Work item:
Print the records below exactly, from the line containing "Для этого потребуется" down to the line containing "可分式 U 形電纜穿芯,適用于帶或不帶連接器的電纜(線徑范圍為", both lines included, and omit every picture.

(Provided records)

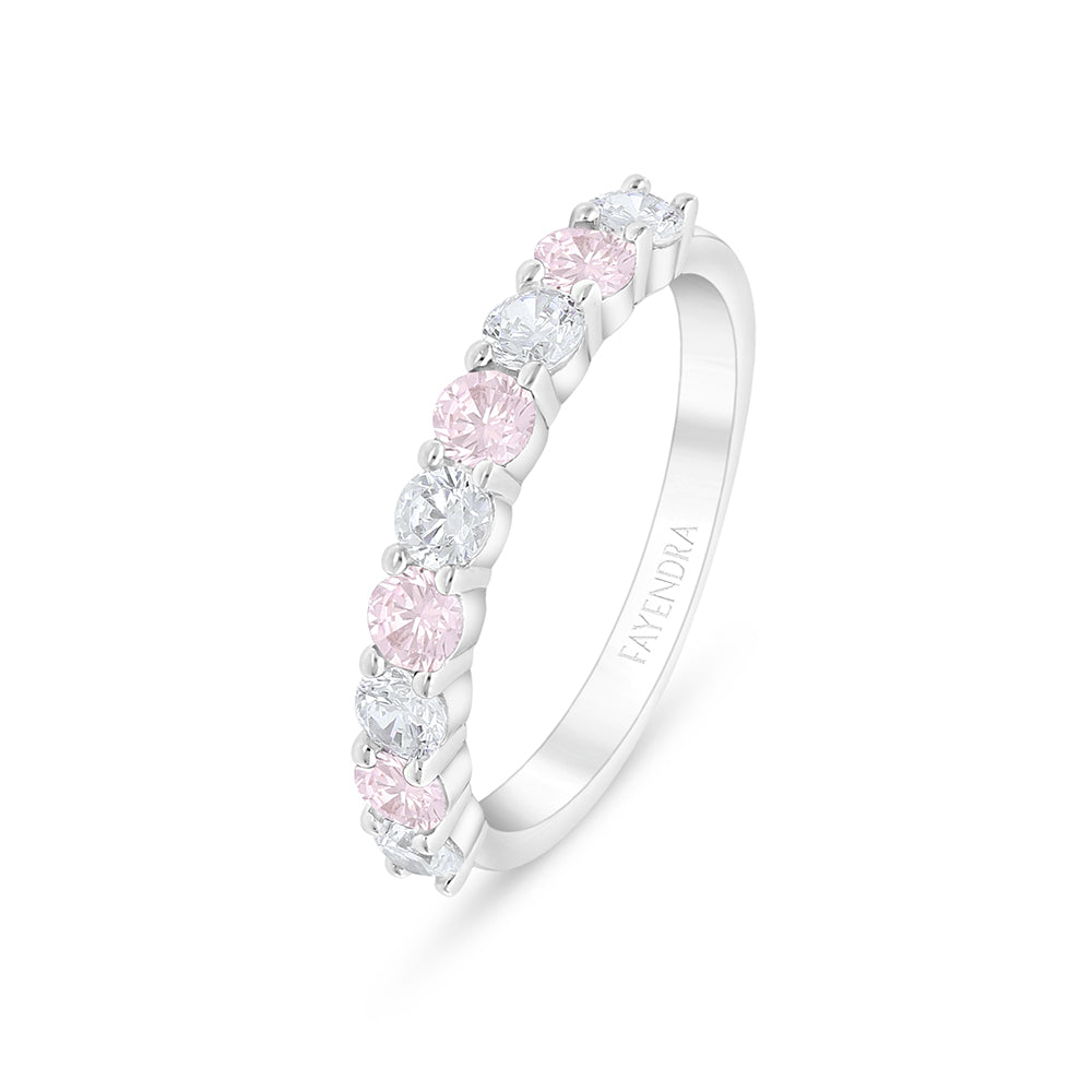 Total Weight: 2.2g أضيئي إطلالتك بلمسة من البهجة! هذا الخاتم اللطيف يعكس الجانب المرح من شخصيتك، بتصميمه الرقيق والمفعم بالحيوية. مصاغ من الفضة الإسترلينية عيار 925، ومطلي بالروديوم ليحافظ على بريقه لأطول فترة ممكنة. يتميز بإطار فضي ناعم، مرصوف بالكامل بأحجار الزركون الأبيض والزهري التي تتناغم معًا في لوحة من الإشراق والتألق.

(End Provided records)
(Provided records)

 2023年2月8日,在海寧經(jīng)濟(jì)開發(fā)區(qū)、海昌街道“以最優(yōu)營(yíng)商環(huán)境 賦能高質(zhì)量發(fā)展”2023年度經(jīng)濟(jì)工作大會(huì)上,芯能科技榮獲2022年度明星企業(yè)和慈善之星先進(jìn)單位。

(End Provided records)
(Provided records)

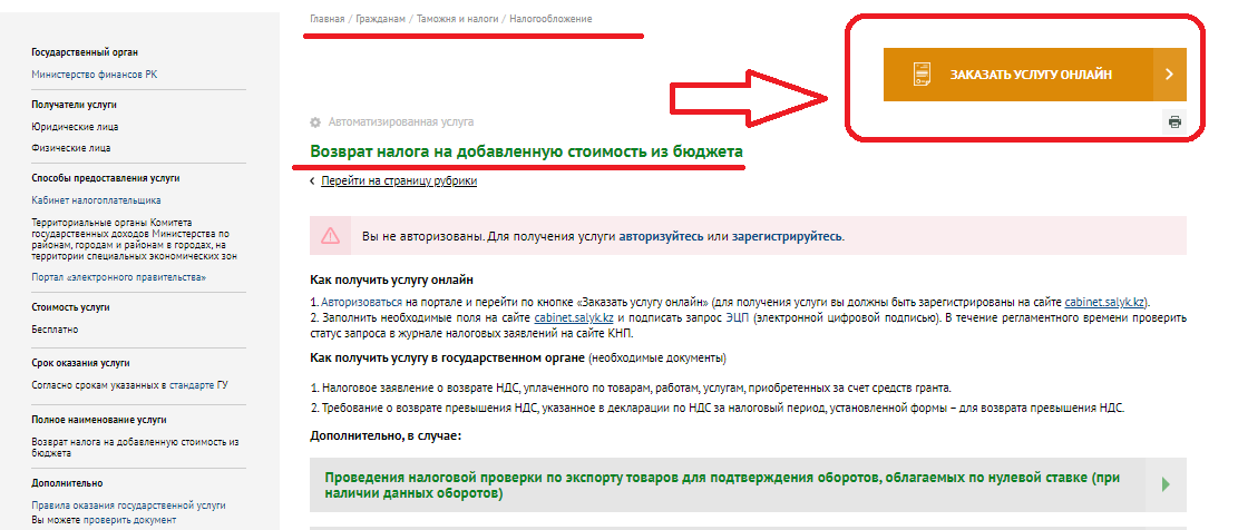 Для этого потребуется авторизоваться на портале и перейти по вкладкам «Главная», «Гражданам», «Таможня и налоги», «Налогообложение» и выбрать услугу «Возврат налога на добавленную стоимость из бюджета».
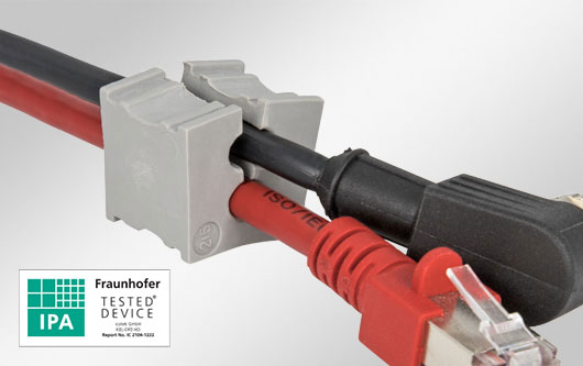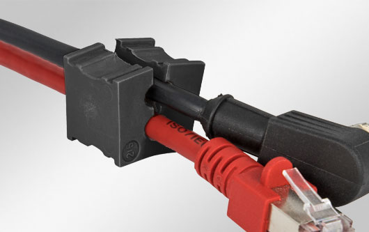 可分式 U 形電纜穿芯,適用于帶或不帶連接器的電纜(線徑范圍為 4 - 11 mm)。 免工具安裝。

(End Provided records)

Written reply:
 Для этого потребуется авторизоваться на портале и перейти по вкладкам «Главная», «Гражданам», «Таможня и налоги», «Налогообложение» и выбрать услугу «Возврат налога на добавленную стоимость из бюджета».
 可分式 U 形電纜穿芯,適用于帶或不帶連接器的電纜(線徑范圍為 4 - 11 mm)。 免工具安裝。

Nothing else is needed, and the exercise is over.